## WORK ORDER
In the entries that follow, the lines from the line containing "The Hayworth cape" up to and including the line containing "Жакет полуприлегающего силуэта, с" must be copied exactly, with pictures omitted.

## RECORDS SHOWN
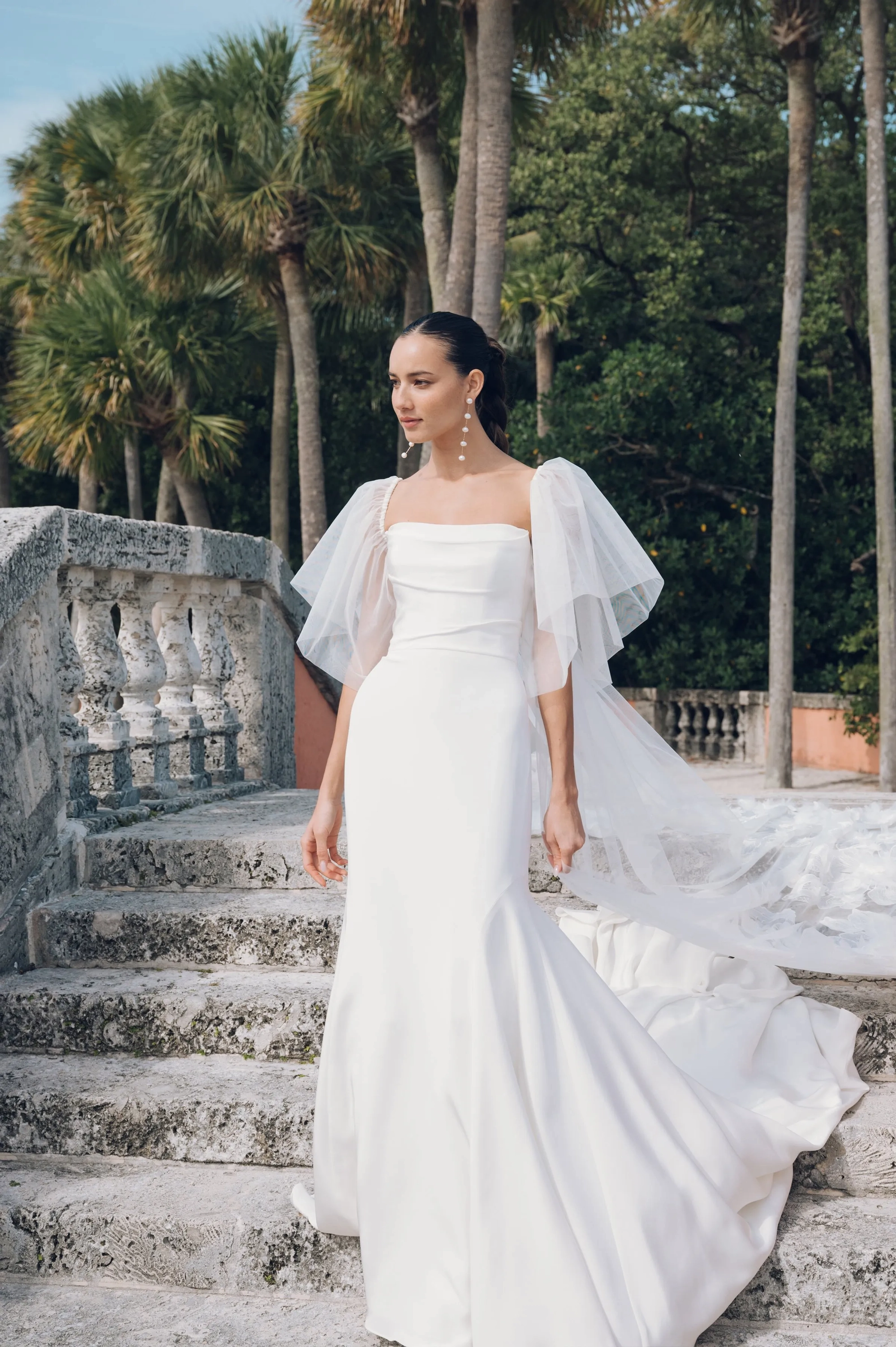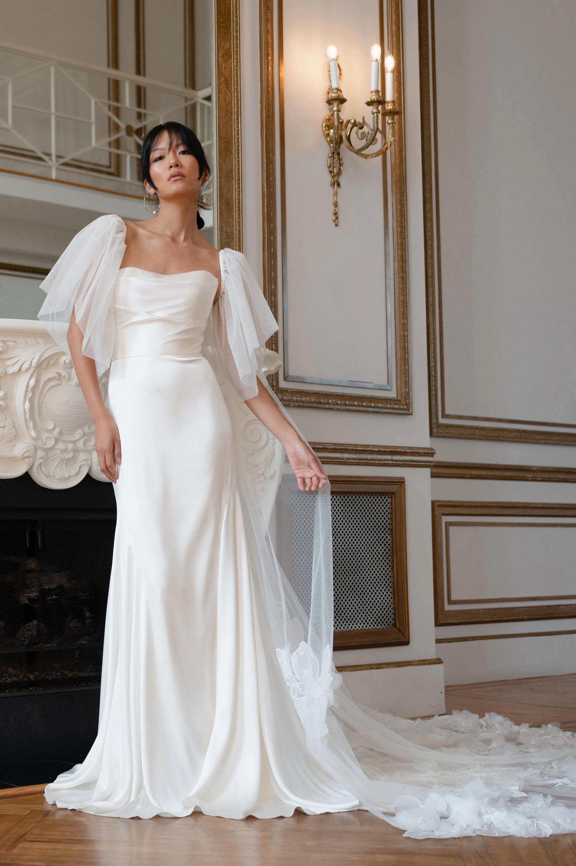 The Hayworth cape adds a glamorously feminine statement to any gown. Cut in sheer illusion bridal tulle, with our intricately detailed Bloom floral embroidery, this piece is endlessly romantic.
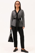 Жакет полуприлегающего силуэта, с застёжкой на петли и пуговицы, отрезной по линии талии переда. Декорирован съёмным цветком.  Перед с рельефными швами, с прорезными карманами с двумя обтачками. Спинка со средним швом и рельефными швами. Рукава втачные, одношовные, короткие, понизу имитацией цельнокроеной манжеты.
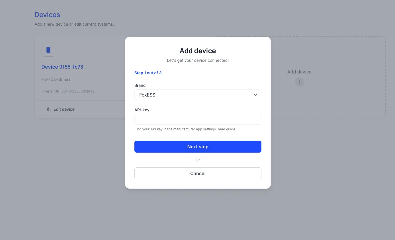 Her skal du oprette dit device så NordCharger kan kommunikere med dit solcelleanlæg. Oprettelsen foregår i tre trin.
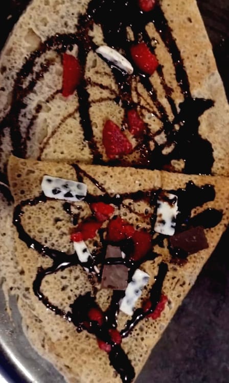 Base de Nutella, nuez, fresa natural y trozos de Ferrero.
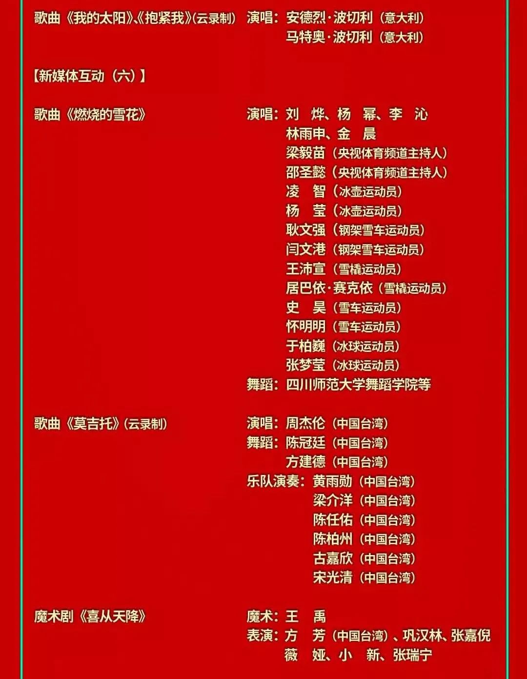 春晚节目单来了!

==

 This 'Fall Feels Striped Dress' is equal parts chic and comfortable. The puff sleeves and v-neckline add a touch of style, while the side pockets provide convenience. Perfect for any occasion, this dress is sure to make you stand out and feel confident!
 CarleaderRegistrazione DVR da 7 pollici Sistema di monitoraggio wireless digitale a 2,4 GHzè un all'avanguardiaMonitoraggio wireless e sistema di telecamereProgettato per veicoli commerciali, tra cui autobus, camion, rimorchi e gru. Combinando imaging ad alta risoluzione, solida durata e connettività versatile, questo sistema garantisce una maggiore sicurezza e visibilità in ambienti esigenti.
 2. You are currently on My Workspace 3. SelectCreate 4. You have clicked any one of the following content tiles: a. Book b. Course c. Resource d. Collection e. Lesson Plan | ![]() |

...

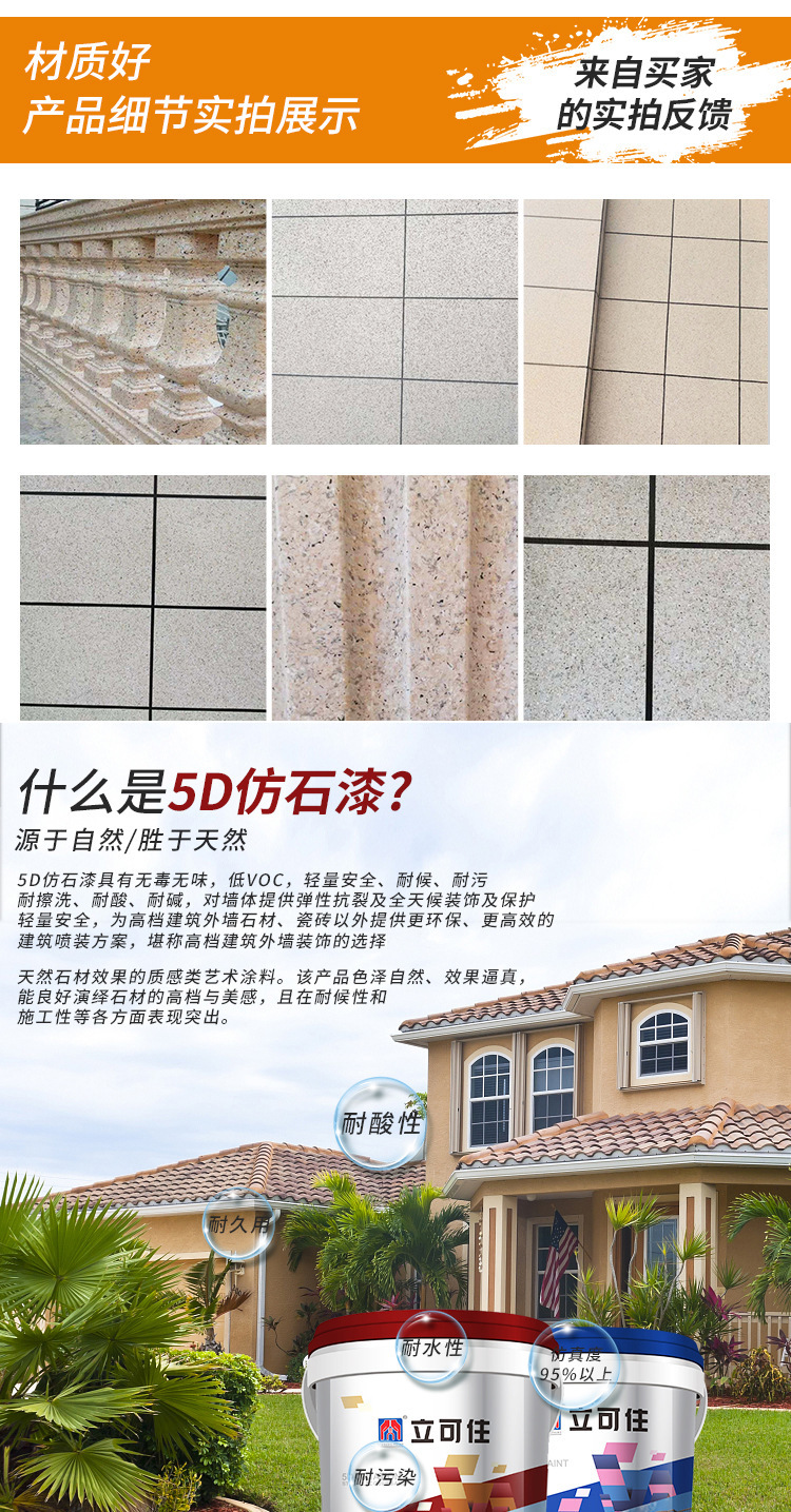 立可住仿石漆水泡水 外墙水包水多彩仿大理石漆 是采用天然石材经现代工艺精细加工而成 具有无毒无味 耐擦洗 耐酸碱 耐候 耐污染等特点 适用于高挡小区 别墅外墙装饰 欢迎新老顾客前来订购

## OUTPUT BELOW
 The Hayworth cape adds a glamorously feminine statement to any gown. Cut in sheer illusion bridal tulle, with our intricately detailed Bloom floral embroidery, this piece is endlessly romantic.
 Жакет полуприлегающего силуэта, с застёжкой на петли и пуговицы, отрезной по линии талии переда. Декорирован съёмным цветком.  Перед с рельефными швами, с прорезными карманами с двумя обтачками. Спинка со средним швом и рельефными швами. Рукава втачные, одношовные, короткие, понизу имитацией цельнокроеной манжеты.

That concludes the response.